In particular, the publication by Yu and colleagues in this journal, which showed that the Cytomegalovirus (CMV) infection cases and the incidence rates of CMV infection in neonates (0–28 days after birth) decreased during the COVID-19 pandemic.
However, few studies have examined the impact of the COVID-19 pandemic on CMV infection in children (0–18 years old). Therefore, we hope to provide additional information to support these conclusions by sharing the results of one of our studies, which analyzed changes of CMV infection in children before and after the COVID-19 pandemic in Henan, China, 2016–2022.
Human CMV (human herpes virus-5), a member of the Betaherpesvirinae subfamily of the family Herpesviridae that causes significant morbidity and mortality in immunosuppressed children, can be found in 80–100% of healthy adults in various population. Following the initial infection, CMV can set up lifelong latent infection in undifferentiated CD34+ stem cells, CD33+ myeloid progenitor cells, the CD14+ monocytes and dendritic cells that they mature into, regretfully.
In immunocompetent children, primary CMV infection commonly causes a mild illness, such as lymphopenia, lymphadenopathy, fever and hepatosplenomegaly. However, CMV has significant implications for children who are or become immunodeficient. CMV can be transmitted to the neonate by various ways (transplacentally, through maternal genital secretions during delivery and postnatally via maternal oral secretions, breast milk, objects contaminated with body fluids and via blood products).
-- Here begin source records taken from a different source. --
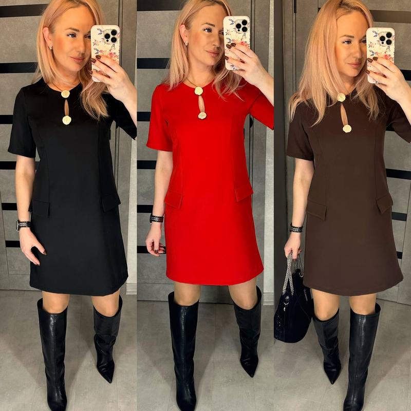Новинка 🫣 Сукня Модель 949 Тканина: костюмка Размеры: 42-44, 46-48,50-52 Цвета: черный, красный, шоколад Сзади на потайной молнии Цена : 650 грн 💥
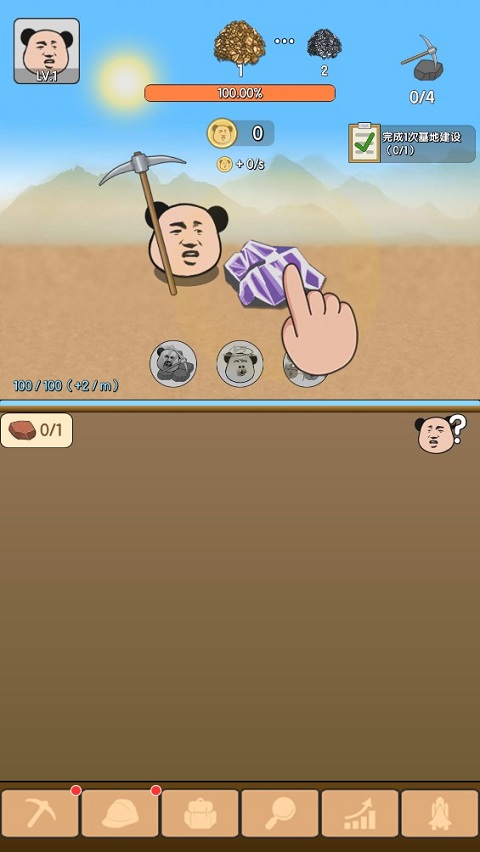 在《熊猫矿工》中,你将扮演一只顶着经典网络表情包大头的熊猫,踏上一条既荒诞又热血的逐梦之路。为了攒够建造火箭的资金,你需要不断点击屏幕挖掘矿石,积累财富。随着攻击力的提升,挖矿效率显著增强;而当手动点击变得疲惫时,还能解锁自动挖矿”死命一击”阳光普照”等强力技能,让收益源源不断。
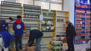 كورونا وسبل الوقاية منه وتقديم العون للعاملين في عدد من مراكز السورية للتجارة كتنظيم الدور ونقل الأغراض والتوزيع.
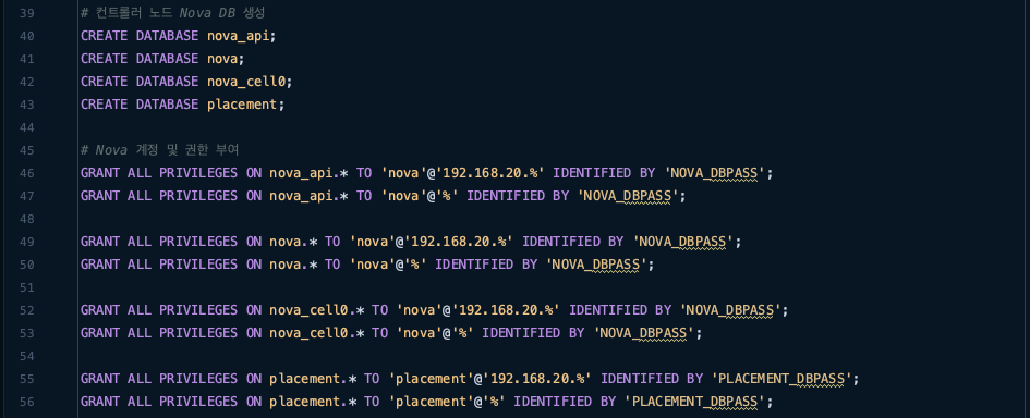 ์ฐธ๊ณ ๋ก NOVA_DBPASS์๋ ํด๋น DB ๊ณ์ ์ ๋น๋ฐ๋ฒํธ๋ฅผ ๋ฃ์ด์ฃผ๋ฉด ๋ผ์.
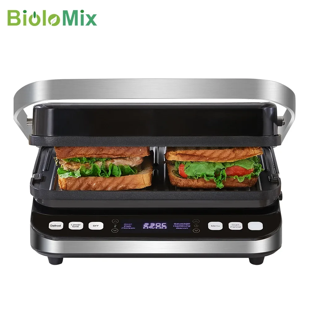 Découvrez le gril électrique BioloMix 2000W avec commandes digitales, ouverture à 180°, préréglages automatiques et plaques amovibles pour paninis, gaufres, grillades. Polyvalent, facile à nettoyer et idéal pour une cuisine saine et rapide.
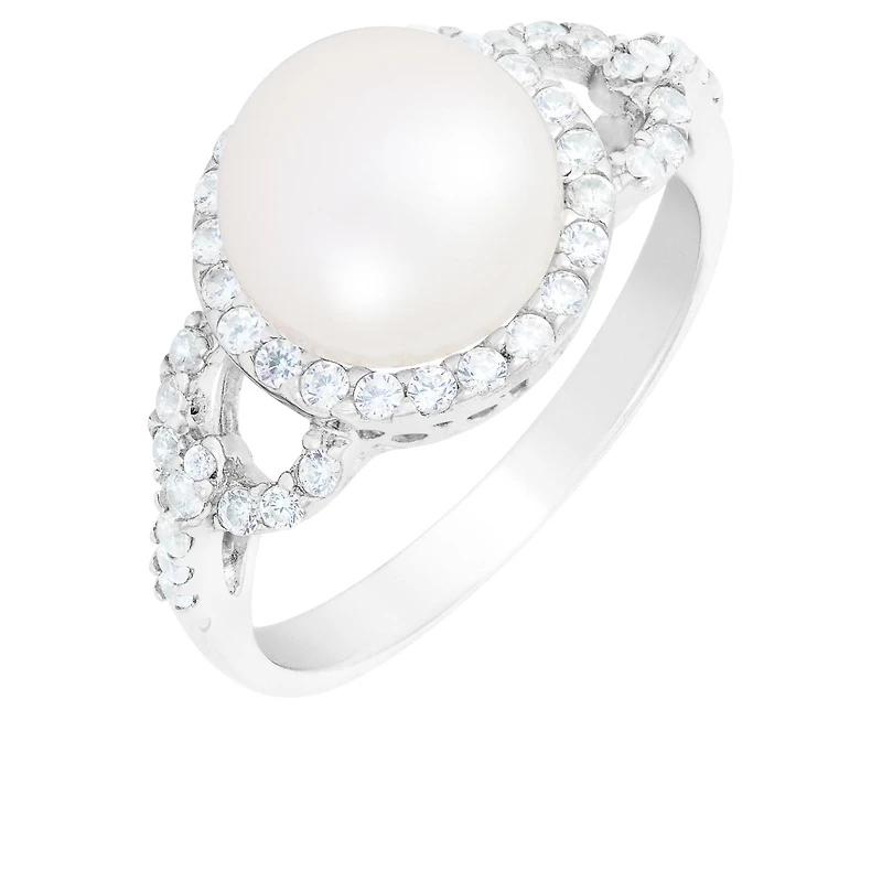 This elegant ring features a lustrous freshwater pearl accentuated by sparkling cubic zirconia stones. Crafted in sterling silver, it exudes timeless beauty and sophistication. The combination of the pearl's natural elegance and the brilliance of cubic zirconia creates a captivating and luxurious piece of jewellery.
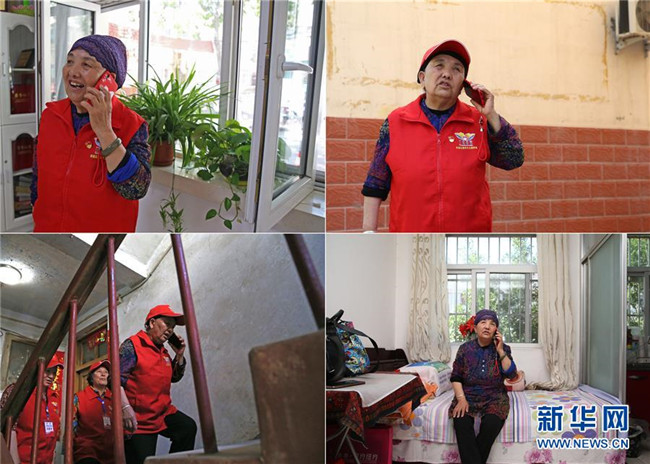 這是一張拼版照片。左上圖為:王蘭花在蘭花志愿服務(wù)站組織活動間隙接聽電話(6月23日攝);左下圖為:王蘭花在探望裕西社區(qū)老黨員的途中接聽電話(6月23日攝);右上圖為:王蘭花在裕西社區(qū)巡邏間隙接聽電話(6月23日攝);右下圖為:王蘭花下班回到家后接聽電話(6月23日攝)。由于平日經(jīng)常收到群眾求助,接聽電話成為王蘭花工作和生活中的常態(tài)。新華社記者 賈浩成 攝
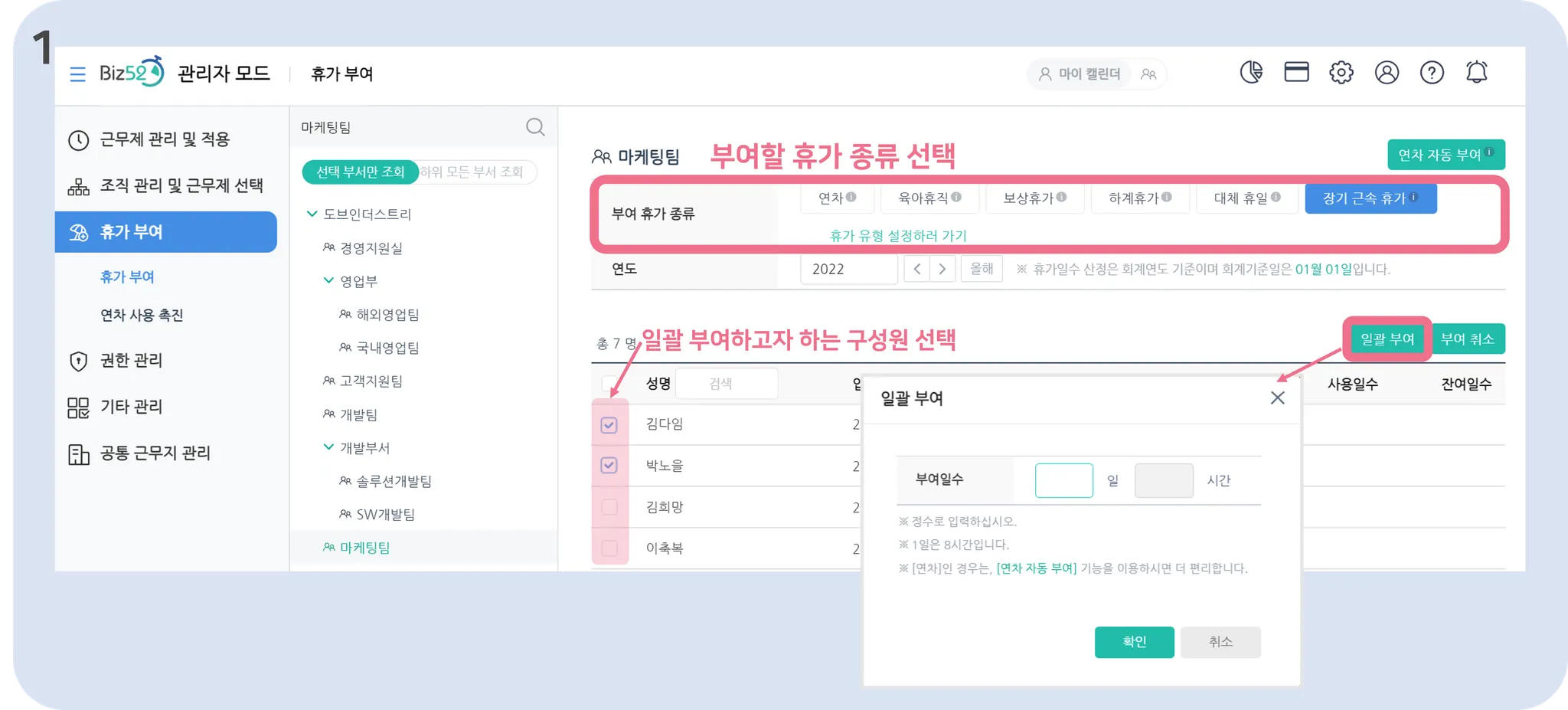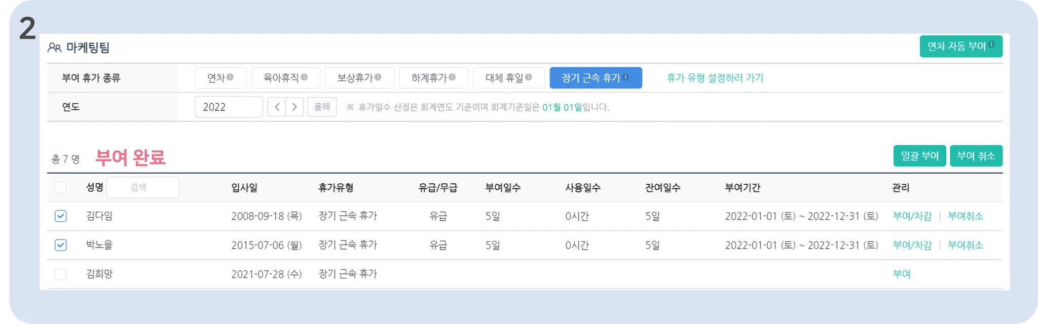 새로운 입사자들에게 최초 연차를 부여할 때, 새로 만든 우리 회사만의 휴가를 부여해야 할 때 등 구성원들에게 휴가를 일괄 부여해야 할 경우, 관리자모드 > 휴가 부여 > 일괄 부여를 활용하세요!
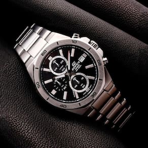 Mecanismo: Quartzo - Material da caixa e do bezel: Aço inoxidável - Material da pulseira: Aço inoxidável - Tipo de fecho: Fecho triplo - Tamanho da caixa C L A : 47 44,3 10,8mm - Peso: 136g - Resistencia à água: 10ATM - Duração de pilha: 2 anos em SR920SW - Vidro: Cristal Mineral - Placa traseira: Trava de rosca - Cronômetro de 1/10 segundo Capacidade de medição: 59'59,9'' Modos de medição: Tempo decorrido, tempo intermediário, tempos do 1º ao 2º lugar - cronometragem regular: Analógico: 3 ponteiros horas, minutos, segundos , 3 mostradores cronômetro 1/10 segundos, cronômetro minutos, cronômetro segundos Exibição de data - Precisão: 20 segundos por mês
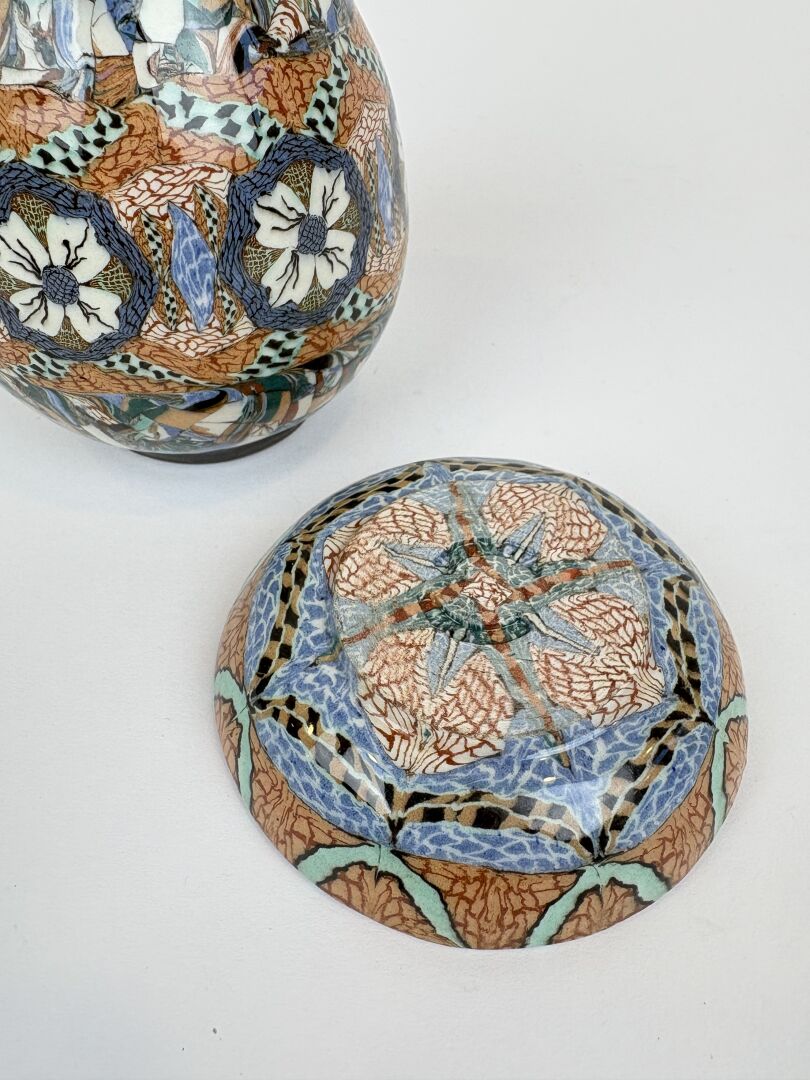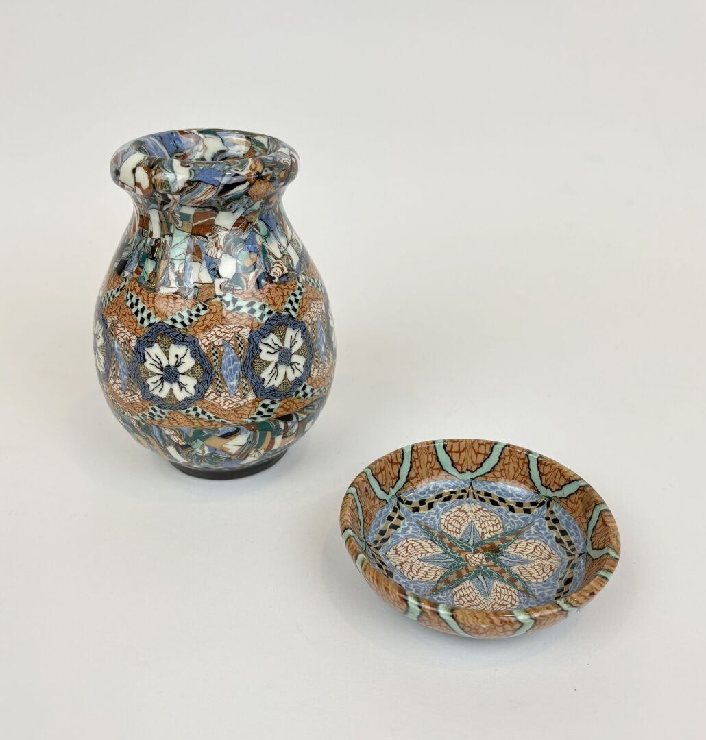 4 ESTIMATION: 30 / 50 € GERBILO à Vallauris Ensemble en terre mêlée comprenant un petit vase et une coupelle Marque en creux H : 13 – D : 9.5 cm
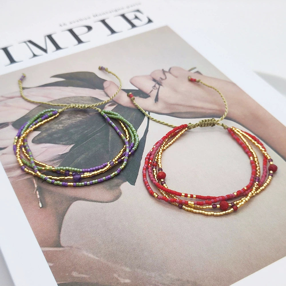 Girls Handwoven Glass And Glaze Geometric Beaded Bracelet
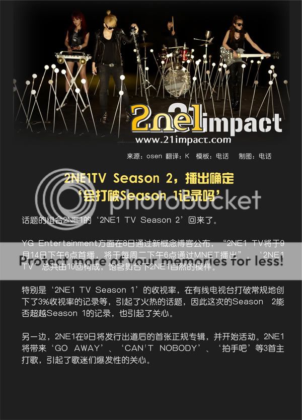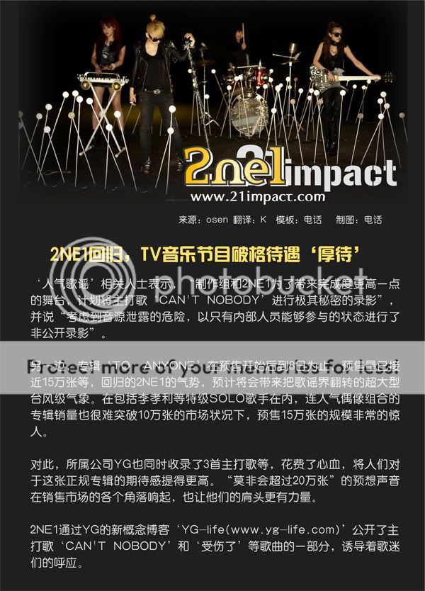 2NE1 has decided on three title songs ‘Can’t Nobody’, ‘Go Away’, and ‘Clap your hands’, displaying strong will power for their album activities this time. 2NE1 will be starting their regular activities for their first full length album with their comeback performance on SBS ‘Inkigayo’ on the 12th.
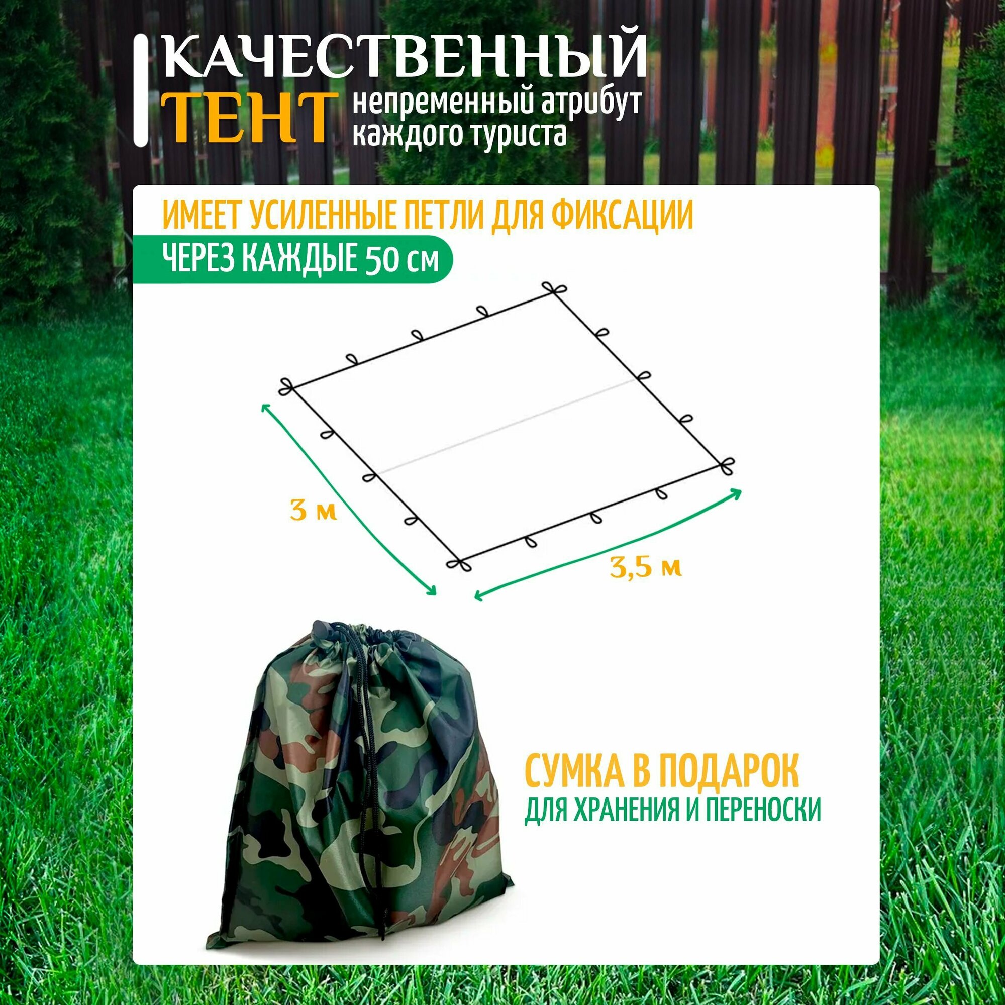 Тент туристический 3 х 3.5 м, камуфляж, навес, полог, походный, тент укрывной от дождя и солнца
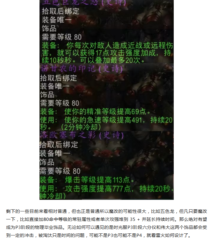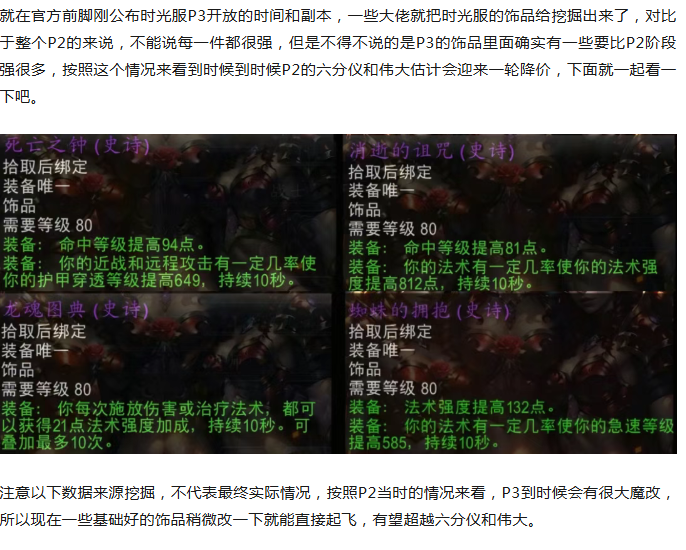 魔兽世界:时光服P3最强饰品曝光,六分仪和伟大即将迎来暴跌
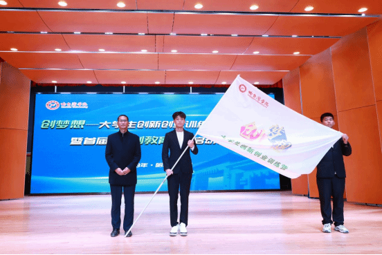 仪式现场,宋国利为我校在黑龙江省第九届中国国际“互联网+”大学生创新创业大赛荣获金奖项目团队及指导教师颁发奖杯和证书。科技处处长李惠男、合作共建处处长张旭东、学生处处长于迪、教学质量评估中心主任张迎宏共同为我校在黑龙江省第九届中国国际“互联网+”大学生创新创业大赛荣获银奖和铜奖项目团队代表颁奖;就业指导处处长张成强为第七期“双创”训练营授予了营旗。教务处副处长崔永滨为第六期“双创”训练营学员代表颁发了结业证书。
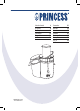 • Coloque o jarro de polpa (7) no aparelho: - Incline o jarro de polpa ligeiramente para a frente. - Insira primeiro a extremidade superior, depois a extremidade inferior do jarro de polpa. • Coloque a tampa (8) no aparelho. • Suba a pega de bloqueio (3). Certifique-se de que a pega de bloqueio (3) está bloqueada em ambas os lados da tampa (8). Parabéns! Adquiriu um produto Princess. O nosso objectivo é fornecer produtos de qualidade com um design atraente e a um preço acessível.

Congenital CMV infection is the leading infectious cause of developmental and neurological disabilities and sensorineural hearing loss in children. Overall, 10% of congenital CMV cases are symptomatic at birth, with a broad range of clinical presentations at birth, from a single isolated symptom to multiorgan involvement and a mortality rate of up to 3–4%.
Therefore, CMV is a major and important pathogen in children all over the world, which is a serious threat to children’s health and brings a heavy burden to patients, families, and society. It is urgent to take precise prevention strategies for controlling the infection of CMV by understanding the situation of children CMV infection in different countries or regions. In response to COVID-19, China has implemented strict interventions, such as digital technology pandemic prevention, zero-case policy, all-staff nucleic acid testing, all-staff vaccinations, the long-term quarantine system, and the official accountability system.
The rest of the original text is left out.